Sejak Putri Deborah menuruni tangga seperti ular yang bersiap berburu, para bangsawan yang berkumpul di aula memusatkan perhatian padanya.

Hal ini karena mereka mengangkat kepala dengan rasa ingin tahu tentang perhiasan apa yang akan dikenakan Deborah Seymour pada kesempatan ini dan jalan seperti apa yang akan diambilnya.

Mungkin karena ia melihat ke bawah dari atas, sang putri merasa lebih tertekan.

Gaun berpotongan putri duyung yang memperlihatkan tubuh rampingnya membuatnya tampak lebih tinggi, dan ornamen panjang melebar yang hanya menggantung di bagian bawah rok membuatnya tampak seperti ular berwarna-warni yang sedang bergerak.

Konon katanya semakin berbisa binatang tersebut, semakin cantik pula rupanya.

Saat ini, dia tidak mengenakan perhiasan besar, tetapi ini membuat ciri khasnya menonjol dan menarik perhatian para bangsawan.

Tak lama kemudian, Duke of Seymour dan pewaris kembar yang terkenal karena kejeniusan mereka mendekatinya.

Ketika karakter-karakter muram ini berkumpul di suatu tempat dengan penampilan dingin, mereka memancarkan atmosfer dan kehadiran yang kuat yang sulit dijangkau.

Duke Seymour tidak mengeluarkan Sihir Pembeku, tetapi tempat mereka berada terasa dingin.
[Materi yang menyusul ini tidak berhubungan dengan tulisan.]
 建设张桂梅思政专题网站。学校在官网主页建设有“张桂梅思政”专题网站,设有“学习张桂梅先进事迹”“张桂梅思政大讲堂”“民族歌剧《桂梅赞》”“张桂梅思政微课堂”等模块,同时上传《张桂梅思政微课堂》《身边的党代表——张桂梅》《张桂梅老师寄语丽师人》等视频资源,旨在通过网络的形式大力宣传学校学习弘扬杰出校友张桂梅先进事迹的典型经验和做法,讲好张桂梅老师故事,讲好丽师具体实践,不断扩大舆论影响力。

“Orang-orang itu juga pasti memiliki darah biru.”

“Ngomong-ngomong, semuanya cantik sekali.”

“Benar sekali. Belum lagi aktivitas Rosad-nim, Belreck-nim adalah salah satu dari tiga peneliti teratas di menara.”
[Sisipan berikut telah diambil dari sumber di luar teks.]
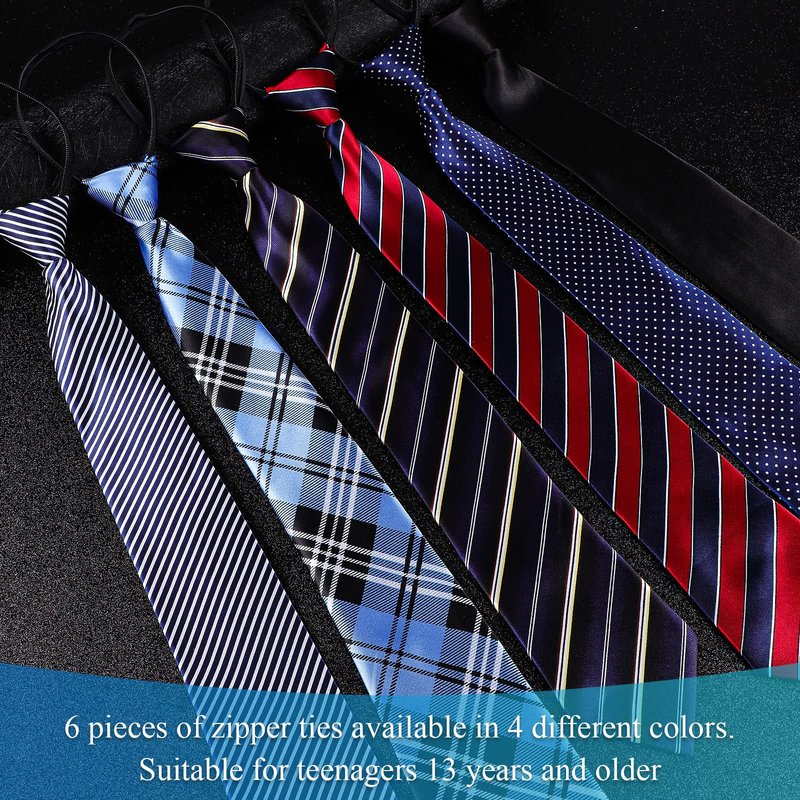 Geyoga 6 Pcs Zipper Ties for Boys Girls Men Women Pre Tied Adjustable Necktie for School Uniform Graduation Business Wedding (Classic Style)
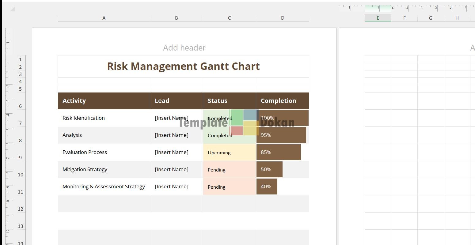 The Risk Management Gantt Chart is a fully customizable and editable Excel template. Perfect for professionals, students, or personal use, this template helps you stay organized and efficient. Easily printable and compatible with all modern versions of Excel.

“Apa sih yang mereka bicarakan dengan ekspresi dingin di wajah mereka?”

Di tengah tatapan heran dan takut yang muncul di sana-sini, Duke of Seymour sibuk memandangi putrinya yang telah tumbuh dengan luar biasa.
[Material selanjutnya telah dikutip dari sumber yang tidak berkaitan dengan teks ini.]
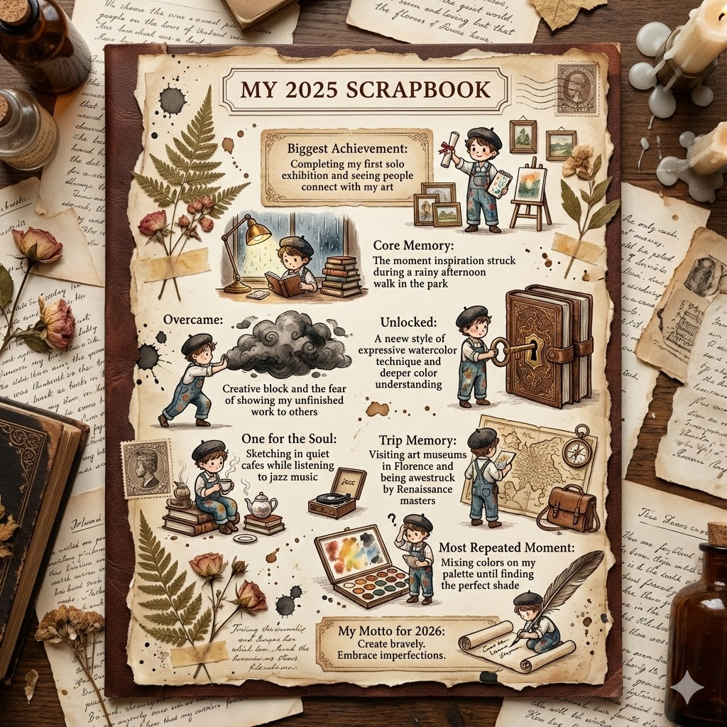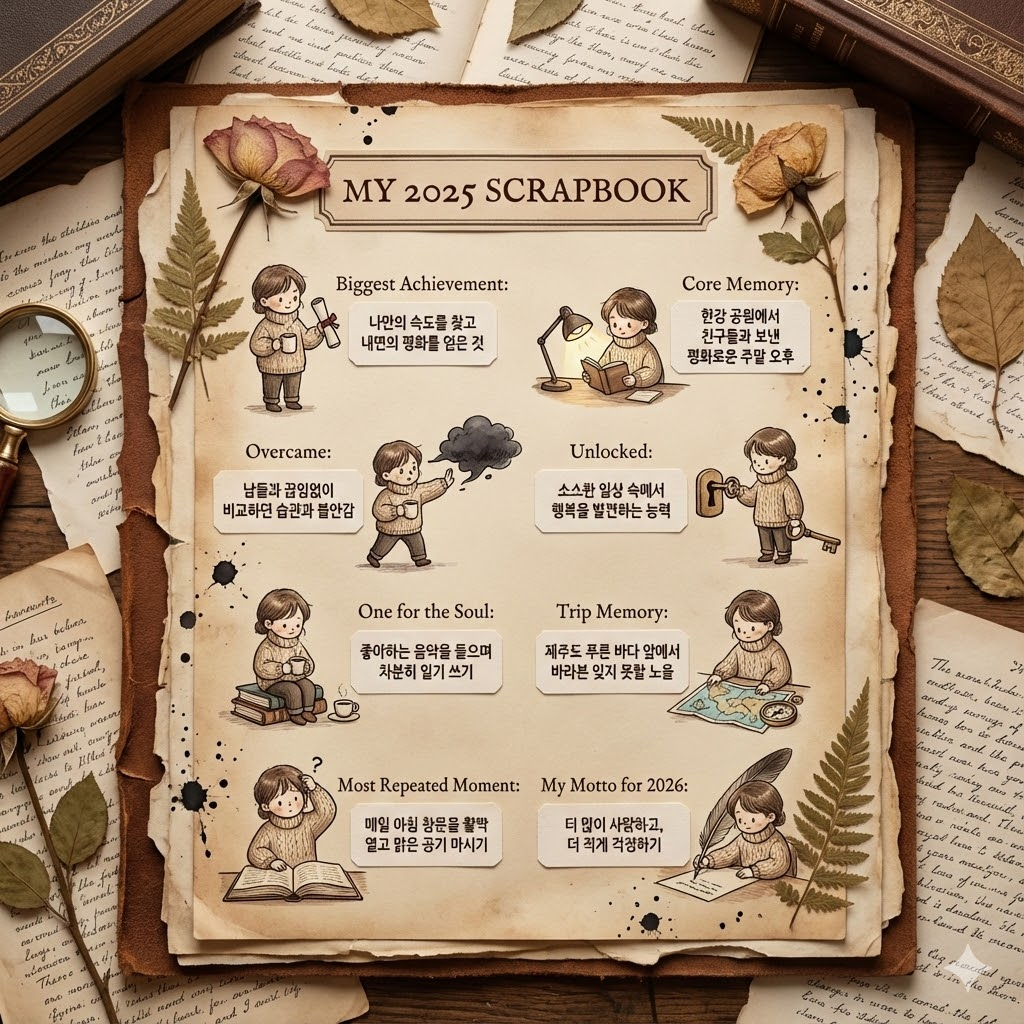 - 나만의 미니 캐릭터: 단순히 텍스트만 나열하는 것이 아닙니다. 여러분의 모습을 딴 작은 '잉크 앤 수채화' 스타일의 캐릭터가 스크랩북 곳곳에 등장하여, 각 항목의 내용에 맞는 행동(예: '성취' 항목에서 졸업장을 들고 있음)을 취합니다. 이는 이미지에 생동감과 깊은 개인적 연결고리를 부여합니다.

“Deborah. Kamu juga sudah memasuki dunia sosial sekarang. Kapan kamu menjadi begitu besar?”

“Tidak ada tanda-tanda gugup sama sekali, jelas, adik perempuan siapa kamu? Sungguh menakjubkan.”

Belreck memberikan pujian lembut, dan Rosad mengangkat bibir tipisnya dan menambahkan singkat.

“Kamu yang tercantik di sini.”

“Itu alamiah.”

“Saudara-saudara. Tidak mungkin akan turun hujan tepung kacang, kan?”

(*Terjemahan harfiah: menerima keuntungan kecil secara kebetulan melalui urusan orang lain.)

“Apa yang bisa aku lakukan jika kamu adalah orang yang paling menonjol?”

“Belreck. Kau mengatakan hal yang benar setelah sekian lama. Kau putri siapa? Kau bersinar dengan cemerlang. Jadi jangan gugup.”

Sambil melontarkan segala macam pujian dengan acuh tak acuh, keluarga kerajaan memasuki aula, dan debutan yang paling ditunggu-tunggu para wanita muda pun dimulai.

----------------------

“Aku melihat Yang Mulia, sang ratu.”

Orang pertama yang diperkenalkan kepada aku adalah Ratu kedua, secara teknis merupakan istri dengan jabatan tertinggi dalam keluarga Kekaisaran, di mana posisi permaisuri dan Ratu pertama kosong.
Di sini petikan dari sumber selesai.